• _Records to use_
=== Section Start ===
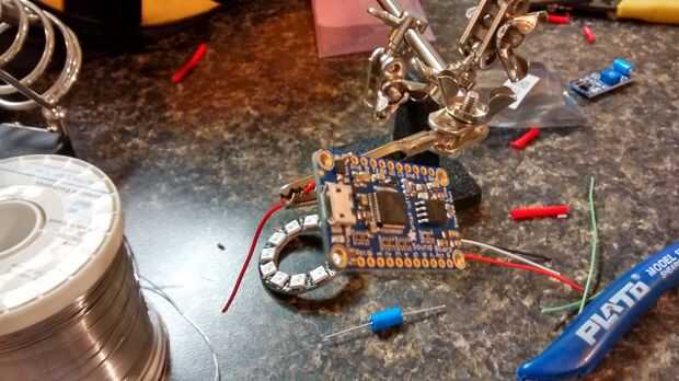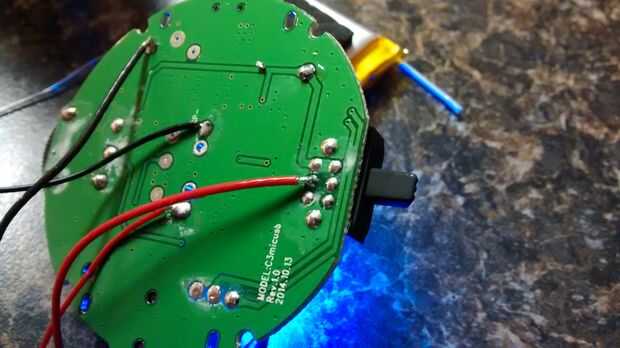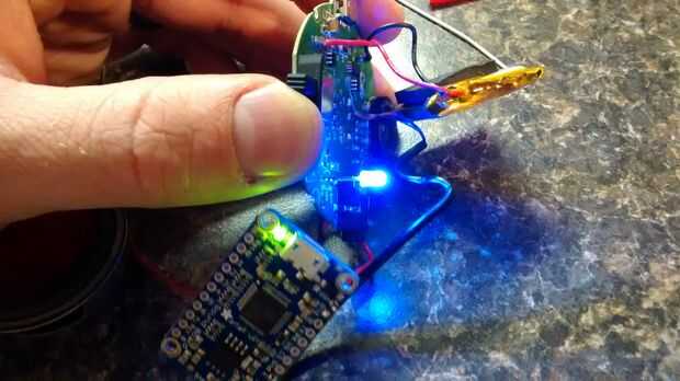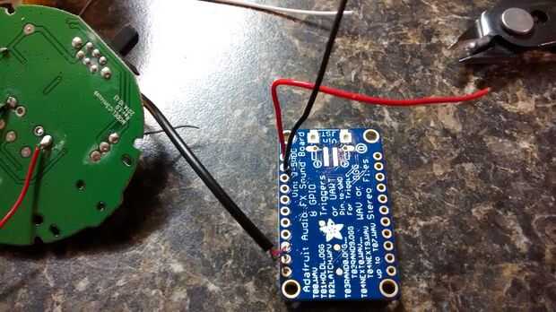 Ahora tiempo para el tablero de Adafruit FX. Corte el conector de audio de 3,5 mm del cable corto desde el centro del tablero amplificador y había conectado a los pines de salida de audio en el tablero de FX. Luego añade los cables de alimentación a la tierra de FX y pasadores de VIN. Entonces conecté el suelo a la Junta del amplificador y el cable rojo del VIN fue al punto de soldadura para el interruptor de encendido/apagado. Ahora la Junta FX fue alimentada desde el circuito del amplificador y controlada por un solo interruptor. También soldadas en cables nuevos para el altavoz y había soldado a la placa.
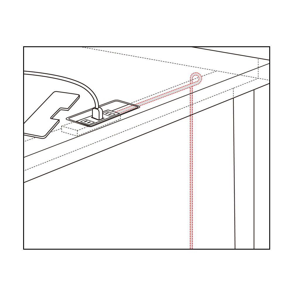 デスク背面からのイラスト コード類は、デスク天板奥のスペースに。
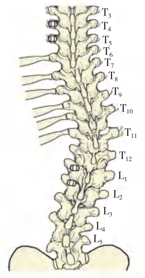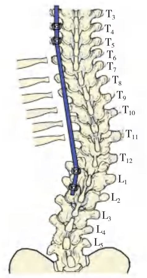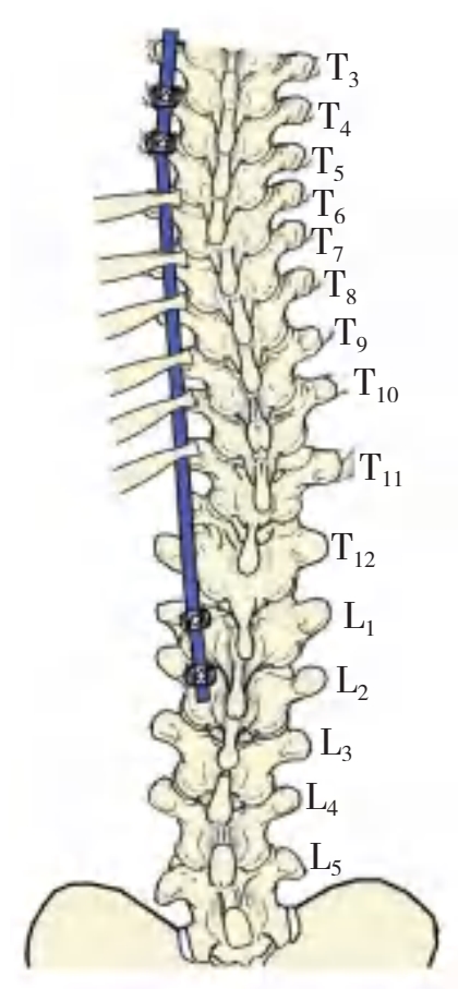 图3-13 已在T 4 和T 5 的横突上安装了两枚椎弓根外侧螺钉,又在L 1 和L 2 的椎板后安装了两枚椎弓根螺钉
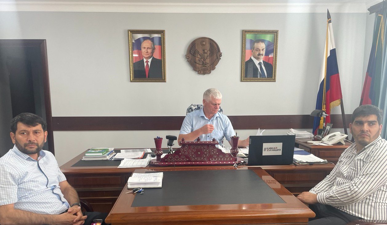 Совещание проводит руководитель Администрации Главы и Правительства РД Алексей Гасанов. В нем также принимают участие заместитель главы администрации района Адиль Аджаматов и директор пресс-центра администрации района Шамиль Исаев.
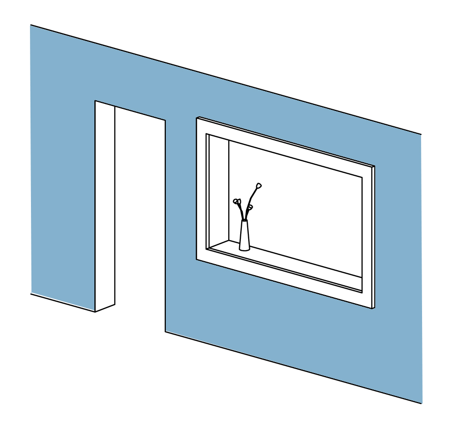 Η τελευταία μας πρόταση, αφορά την αντιμετώπιση του εσωτερικού παραθύρου, ώς ένα καθαρά διακοσμητικό στοιχείο του χώρου χωρίς να έχει κάποια συγκεκριμένη λειτουργία (πχ, πάγκος σερβιρίσματος ή ποτηροθήκη). Για παράδειγμα, μπορείτε να κατασκευάσετε μια ξύλινη κορνίζα που θα πλαισιώσει κομψά το άνοιγμα ή μια λευκη κορνίζα (πχ, απο γυψοσανίδα) και να στη συνέχεια να βάψετε το τοίχο σε μια σκουρότερη απόχρωση.
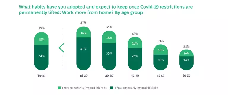 Since the onset of the pandemic, working from home has become the new norm in many industries. About 40% of consumers have been working more from home ~40% of these expect to make this a permanent habit - representing ~15% of all consumers. Over 50% of those under the age of 40 are working more from home during the pandemic, and they are more willing to work more from home post pandemic. In response to this, several global employers have announced a “remote-first” model, and many more have said that they will allow more flexibility than before.
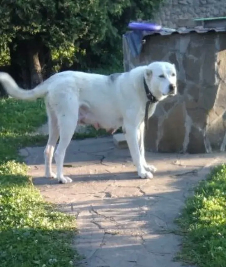 Была в ошейнике. Не агрессивная, но участок охраняла. Жила с таксой. Как ведёт себя за участком, никто не знает. Если кто заметит, сразу звоните хозяину.
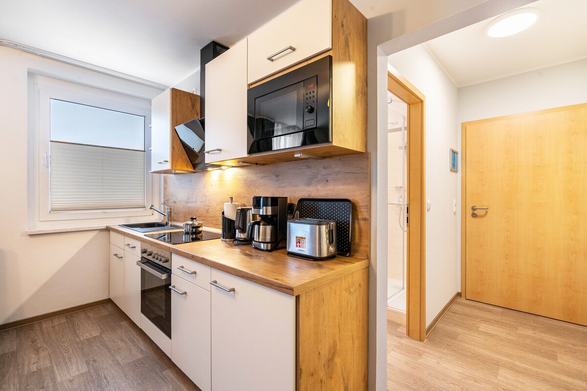 The apartment is 46 m² and accommodates up to 4 guests. You will find 1 bedroom with a double bed, a large mirrored wardrobe, and a chest of drawers. The living area features two comfortable armchairs and a flat-screen TV; up to two guests can sleep here. The kitchenette is equipped with a microwave, fridge, dishwasher, kettle, and coffee maker. The bathroom has a shower. Wi-Fi is available free of charge. Enjoy a pleasant stay with everything you need for a relaxing visit.
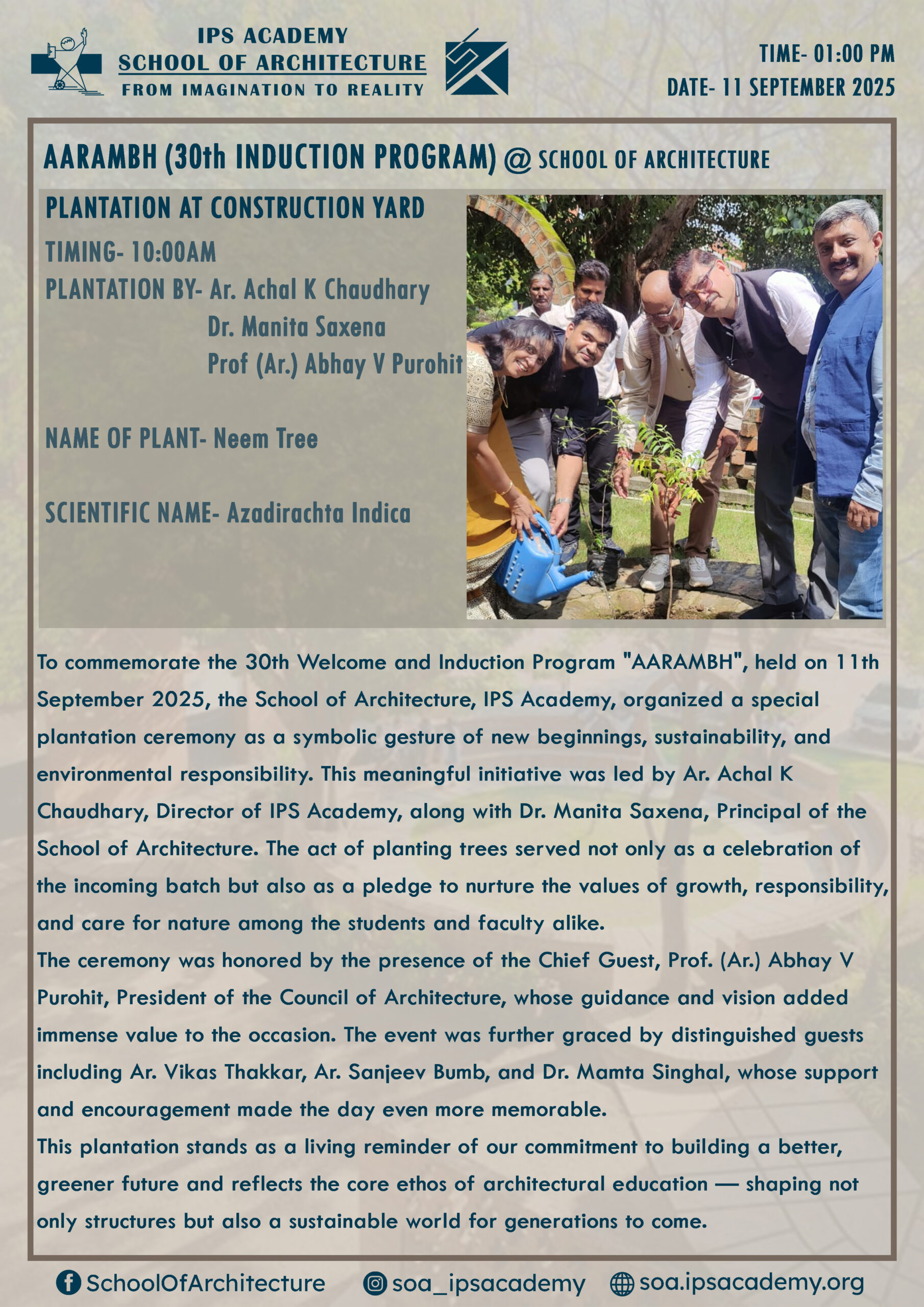 At the School of Architecture, IPS Academy, Indore, we believe that every meaningful event should leave a lasting, living impact. To honor this philosophy, SOA has nurtured a unique tradition: planting a tree to commemorate significant occasions, academic milestones, and dignitary visits. As part of this tradition, a sapling is first planted in a designated plantation pit
=== Section End ===
• _Work required_
For this answer, return word for word the lines from the first line of the records through the line containing "Совещание проводит руководитель". Omit the pictures.

• _Response for this exercise_
 Ahora tiempo para el tablero de Adafruit FX. Corte el conector de audio de 3,5 mm del cable corto desde el centro del tablero amplificador y había conectado a los pines de salida de audio en el tablero de FX. Luego añade los cables de alimentación a la tierra de FX y pasadores de VIN. Entonces conecté el suelo a la Junta del amplificador y el cable rojo del VIN fue al punto de soldadura para el interruptor de encendido/apagado. Ahora la Junta FX fue alimentada desde el circuito del amplificador y controlada por un solo interruptor. También soldadas en cables nuevos para el altavoz y había soldado a la placa.
 デスク背面からのイラスト コード類は、デスク天板奥のスペースに。
 图3-13 已在T 4 和T 5 的横突上安装了两枚椎弓根外侧螺钉,又在L 1 和L 2 的椎板后安装了两枚椎弓根螺钉
 Совещание проводит руководитель Администрации Главы и Правительства РД Алексей Гасанов. В нем также принимают участие заместитель главы администрации района Адиль Аджаматов и директор пресс-центра администрации района Шамиль Исаев.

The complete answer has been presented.